The Comptroller and Auditor General’s report tabled in the Telangana Assembly on Monday painted a picture of strained public finances in the state during 2024-25, marked by underutilization of budget, poor revenue mobilization, rising debt and irregularities in tax administration.

The report noted that while the government was able to keep the fiscal deficit broadly within expected levels through borrowing, the widening revenue deficit and increasing debt burden could remain a source of concern for the state’s financial sustainability.
According to the report, the Telangana government was unable to utilize its budget in line with the targets set for the financial year 2024-25, as it spent only $2,18,251 Crore Vs $Rs 2,74,058 crore is expected in the budget under revenue and capital expenditure, which amounts to 80%.
Within the framework of revenue expenditure, the government has estimated spending $2,20,945 crores, but the actual expenditure was 2,20,945 crores $1,77,224 crore, which is also around 80% of the estimates.
In contrast, within the framework of capital expenditure, the government proposed spending $33,487 crore, but ended up overspending by 108%, totaling Rs 33,487 crore. $Rs 36,072 crore has been spent in the current financial year.
The report also indicated that the government had expected $17,730 crore towards interest payment obligations in the year. However, the actual burden was much higher, as the state paid $Rs 27,803 crore.
Likewise, under the draft law on salaries and allowances for government employees, the government has allocated the budget $28,093 crores, but had to be spent $30,277 crore, which leaves little room for development and social welfare spending.
The CAG also pointed out the severe shortfall in revenue receipts. The state was expecting $2,21,242 crore revenue receipts, but the actual collection stood at Rs 2,21,242 crore. $1,67,804 crores, 76% of estimates.
The shortfall was particularly acute in non-tax revenues and grants expected from the Centre. Within the framework of non-tax revenues, the government expected to collect $35,208 crores, but it was only achieved $23,608 crores or 67% of the estimates.
Likewise, the state was expecting to receive $21,636 crore in grants from the central government, but it actually received only 37% of that amount. $7,913 crores.
The government had originally expected revenue receipts to exceed revenue expenditures, resulting in a modest revenue surplus of $297 Crores. However, the state ended up with a revenue shortfall of $9,420 crores.
At the same time, the state estimated the fiscal deficit at approximately $Rs 49,256 crore.

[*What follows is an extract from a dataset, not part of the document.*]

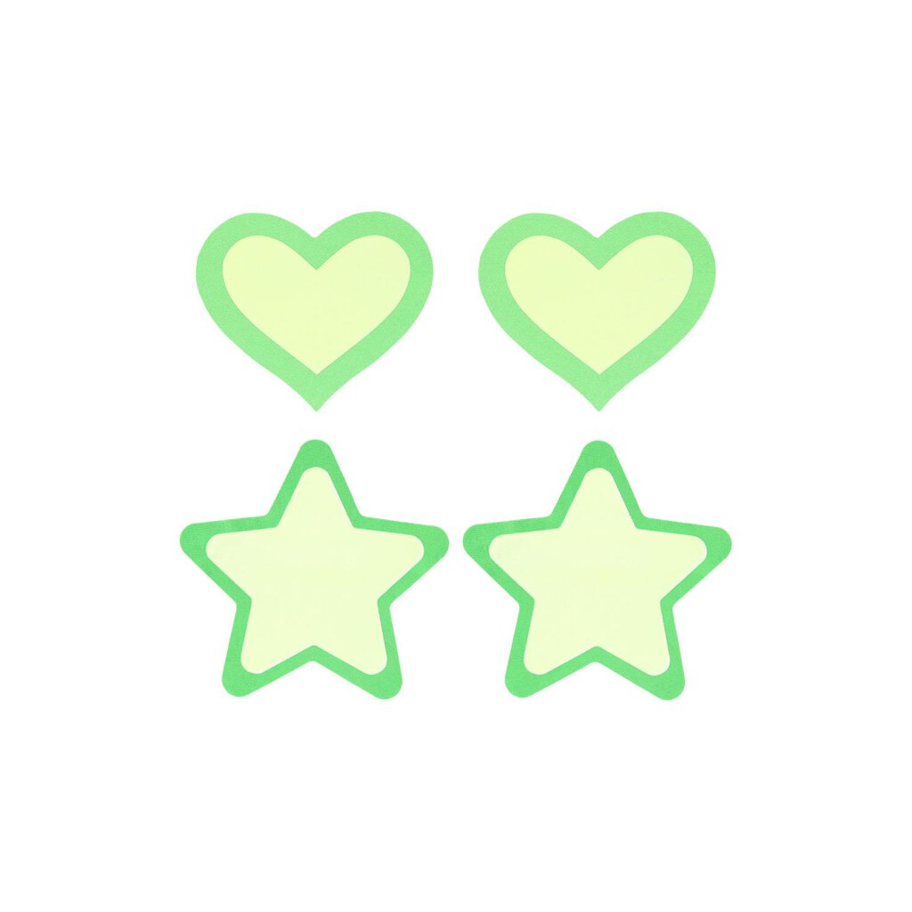 Für jeden Anlass hat Peekaboos Pasties das perfekte Pastic für Sie. Die hochwertigen, detailreichen Stücke der Peekaboos Pasties Kollektion bieten eine große Auswahl an Stilen. Mit Designelementen, die von schlichten 'X's und Herzen in klassischen Farben bis hin zu verspielten Quasten, von mit Juwelen besetzten verstellbaren Ringen bis hin zu offenen Kristalldesigns reichen, bietet Peekaboos Pasties eine Auswahl an feinstem Pasty-Schmuck. Egal, ob Sie etwas Dezentes zum Tragen unter einem durchsichtigen Oberteil oder etwas Ausgefallenes für ein eigenständiges Outfit suchen, Peekaboos bietet mit Sicherheit die perfekte Option für die temperamentvolle Frau von heute. Nippel Pasties in Stern- und Herzform / Leuchten im Dunkeln

The actual fiscal deficit was found to be $48,922 crore, broadly in line with expectations. The government closed this deficit by raising… $48,922 crore through open market loans.
The state collected a total, the report said $65,537 crore from open market loans during 2024-25. This number is included $ 5,842 crore of unpaid legacy Ways and Means of Advancement (WMA). As a result, the total debt owed by the state increased to $4,47,493 crore by the end of the financial year 2024-25.
The CAG noted that the state has issued guarantees for loans worth up to… $57,305 crore during the year, bringing the total secured debt to $2,41,528 crores.
The state also borrowed $759 crore from institutions like LIC, GIC and NABARD. Moreover, within the framework of ways and means of advances, which are usually provided to meet short-term liquidity needs, the state borrowed $1,29,376 crores and its repayment $1,24,534 crores during the year.